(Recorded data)
☆ ☆ ☆ ☆
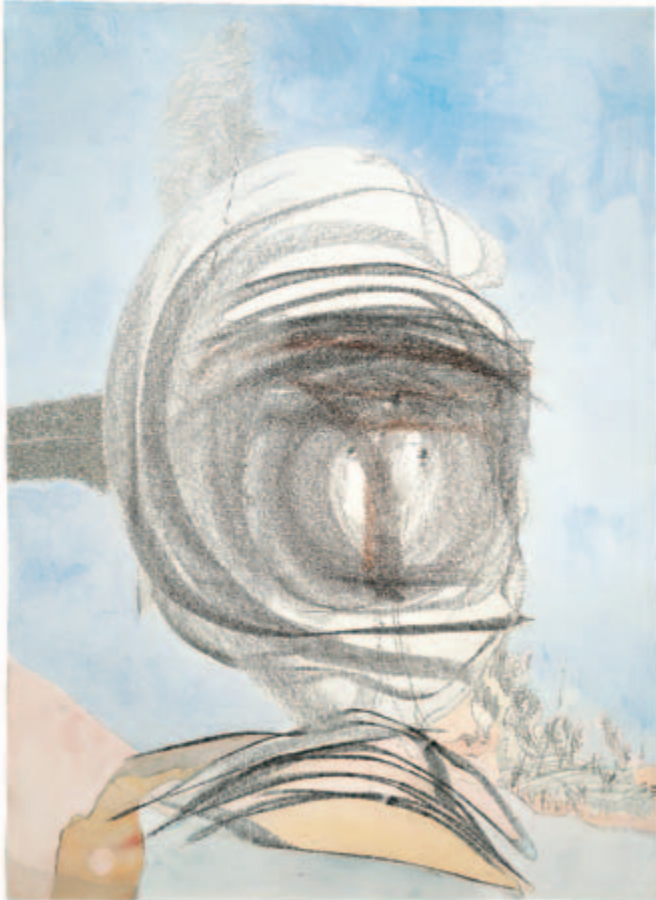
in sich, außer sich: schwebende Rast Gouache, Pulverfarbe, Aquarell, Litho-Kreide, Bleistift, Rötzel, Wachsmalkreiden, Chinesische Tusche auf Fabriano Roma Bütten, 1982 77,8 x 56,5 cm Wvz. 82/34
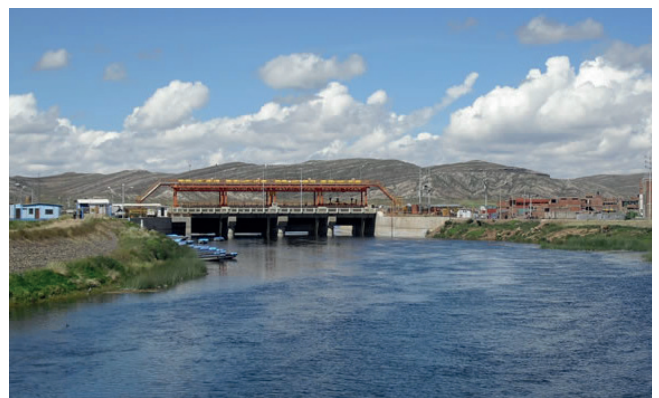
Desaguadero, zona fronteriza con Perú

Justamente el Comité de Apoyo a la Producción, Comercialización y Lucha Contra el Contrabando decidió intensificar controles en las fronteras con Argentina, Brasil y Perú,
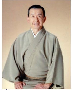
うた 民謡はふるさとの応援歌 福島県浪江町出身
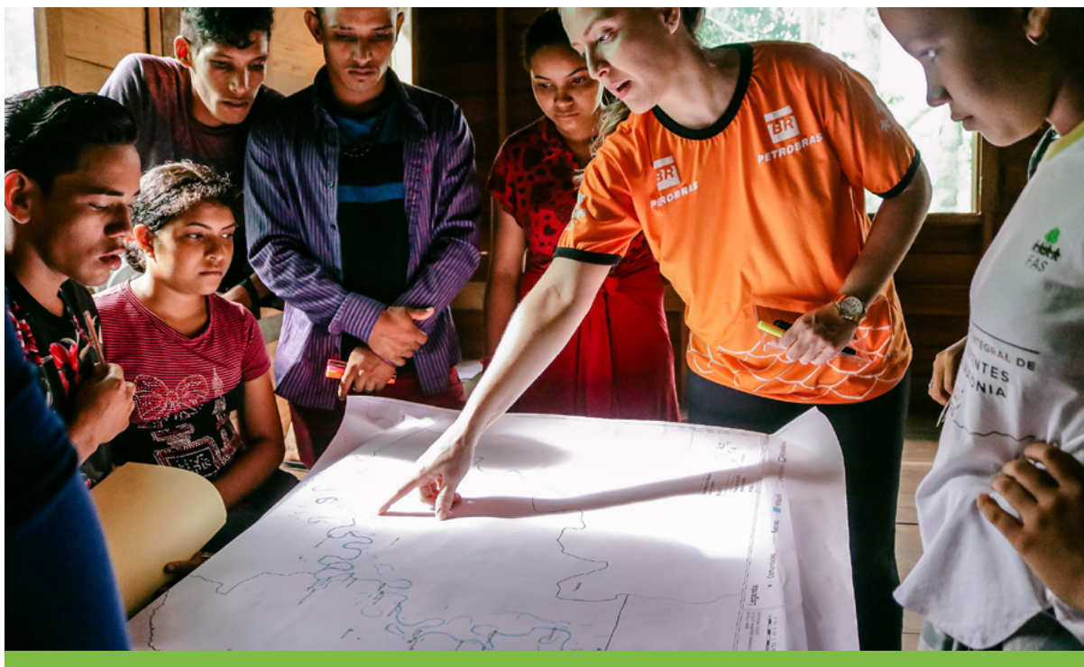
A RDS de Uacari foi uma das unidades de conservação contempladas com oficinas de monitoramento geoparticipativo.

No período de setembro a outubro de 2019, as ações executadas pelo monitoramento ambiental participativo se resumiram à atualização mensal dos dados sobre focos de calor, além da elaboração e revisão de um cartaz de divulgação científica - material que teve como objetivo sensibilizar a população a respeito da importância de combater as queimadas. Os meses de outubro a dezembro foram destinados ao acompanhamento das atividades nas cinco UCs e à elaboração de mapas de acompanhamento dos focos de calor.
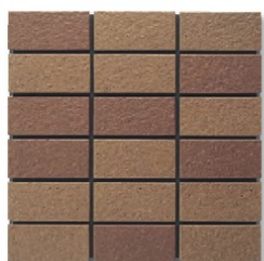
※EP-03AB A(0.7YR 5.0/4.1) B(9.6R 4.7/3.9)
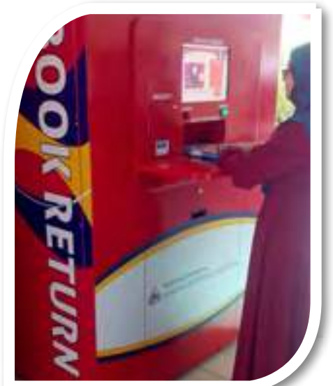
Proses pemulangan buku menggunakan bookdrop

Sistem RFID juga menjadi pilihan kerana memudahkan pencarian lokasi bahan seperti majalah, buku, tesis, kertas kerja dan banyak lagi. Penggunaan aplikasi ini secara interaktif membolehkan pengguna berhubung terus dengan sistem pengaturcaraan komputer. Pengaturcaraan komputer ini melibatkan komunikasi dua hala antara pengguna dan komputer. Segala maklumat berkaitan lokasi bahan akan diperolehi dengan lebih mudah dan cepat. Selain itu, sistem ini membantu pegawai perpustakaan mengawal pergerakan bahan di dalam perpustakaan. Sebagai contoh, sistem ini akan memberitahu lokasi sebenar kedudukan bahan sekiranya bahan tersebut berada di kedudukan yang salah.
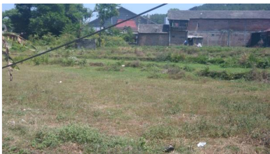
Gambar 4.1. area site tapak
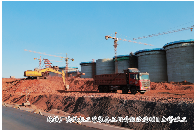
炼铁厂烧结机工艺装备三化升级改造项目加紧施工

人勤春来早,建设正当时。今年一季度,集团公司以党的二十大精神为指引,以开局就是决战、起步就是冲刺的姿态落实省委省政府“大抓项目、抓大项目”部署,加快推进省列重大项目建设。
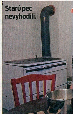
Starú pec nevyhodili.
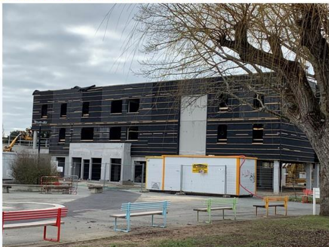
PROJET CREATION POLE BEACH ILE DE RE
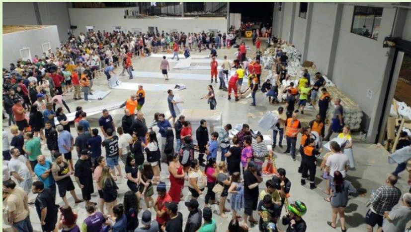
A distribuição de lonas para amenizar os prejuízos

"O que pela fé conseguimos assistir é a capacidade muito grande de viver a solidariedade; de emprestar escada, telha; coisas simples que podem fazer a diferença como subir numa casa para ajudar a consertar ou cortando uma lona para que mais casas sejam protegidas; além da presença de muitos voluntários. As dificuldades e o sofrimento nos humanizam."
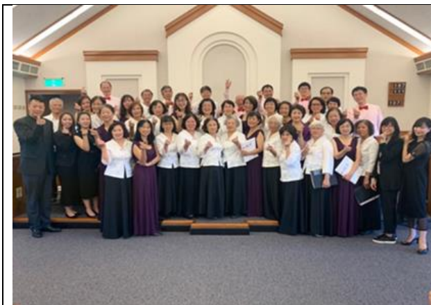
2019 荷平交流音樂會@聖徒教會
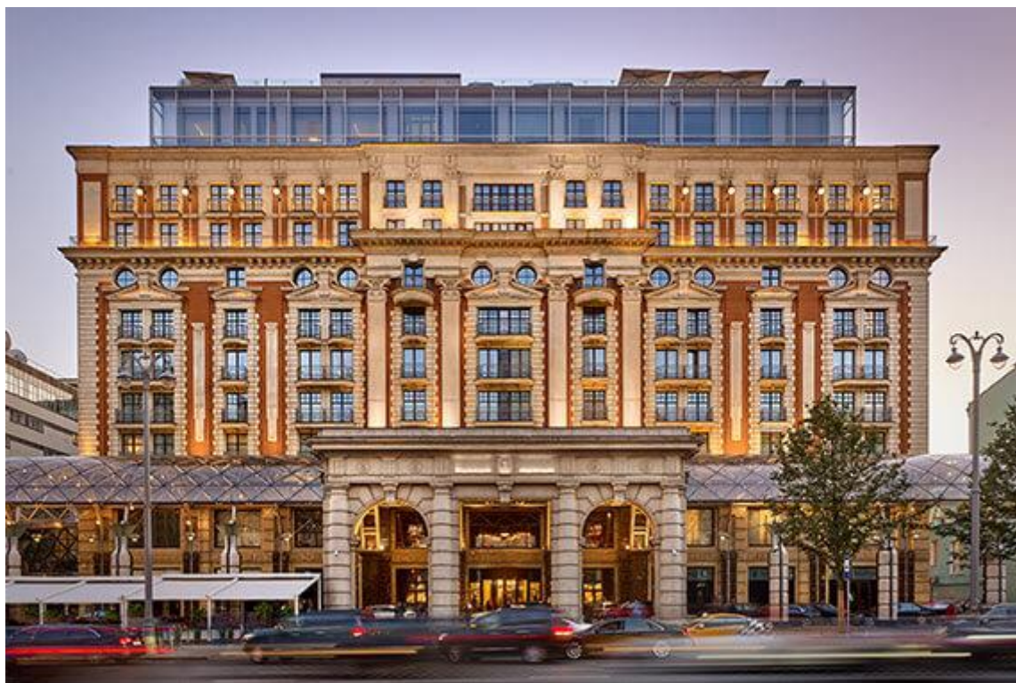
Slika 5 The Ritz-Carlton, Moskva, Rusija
☆ ☆ ☆ ☆
# Activity:
Write out the records above exactly. Begin with the first line, end with the line holding "Desaguadero, zona fronteriza con Perú", and drop the pictures.

# Completed exercise:
in sich, außer sich: schwebende Rast Gouache, Pulverfarbe, Aquarell, Litho-Kreide, Bleistift, Rötzel, Wachsmalkreiden, Chinesische Tusche auf Fabriano Roma Bütten, 1982 77,8 x 56,5 cm Wvz. 82/34
Desaguadero, zona fronteriza con Perú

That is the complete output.